Article X. Other Measures

In accordance with their respective national legislations, no Contracting Party shall apply to investors of the other Contracting Party, precautionary measures aimed at ensuring the enforcement of contracts for works, supplies or services for which impede or hinder the free exit its territory.

Article XI. Entry Into Force, Duration and Termination

(1) This Agreement shall enter into force on the first day of the second month following the date on which the contracting parties have notified each other in writing that they have completed their respective constitutional requirements for entry into force of this Agreement. They shall be valid for 10 years. Thereafter it shall remain in force until the expiration of twelve months from the date on which either contracting party notifies in writing the other contracting party of its decision to terminate this Agreement.

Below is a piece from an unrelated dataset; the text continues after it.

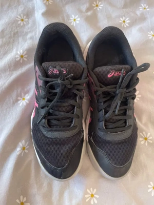 Asics-Schuhe für das Volleyballspiel. - Modernes Design in Schwarz mit rosa Akzenten. - Schnürverschluss. - Sohle mit guter Haftung. - Nur ein kleiner Mangel.

(2) With respect to investments made prior to the date when the notice of termination of this Agreement becomes effective, the provisions of articles 1 to 10 shall remain in force for a period of 15 years from that date.

Conclusion

Done on 17 March 1994 in Buenos Aires in two originals in the English language both texts being equally authentic.

For the Government of the Republic of Bolivia

For the Government of the Argentinean Republic

Attachments

Protocol

In the event of the conclusion of the Agreement between the Republic of Bolivia and the Argentine Republic on the Promotion and Reciprocal Protection of Investments, the undersigned Plenipotentiaries have agreed in the following provisions, which constitute an integral part of this Agreement:

I. In relation to Article X, the Government of the Republic of Bolivia undertakes to promote, as soon as possible, the elimination in its legislation of the current restrictions on the free exit from its territory of investors of the other Party motivated by precautionary measures.

II. Addendum article I (paragraph 2 (c)) It may request the legal entities referred to in Article I, paragraph (2) letter (c) wishing to take advantage of this Agreement which provide proof that control. They shall be accepted as evidence, the following, including:

(1) The nature of subsidiary of a legal entity made up according to the law of that Contracting Party.

(2) A percentage of direct or indirect participation in the capital of a legal entity that permit effective control as, in particular, a participation in the capital of more than half.

(3) The direct or indirect holding the number of votes to take a position in determining the bodies corporate or instrumental in the functioning of the legal entity.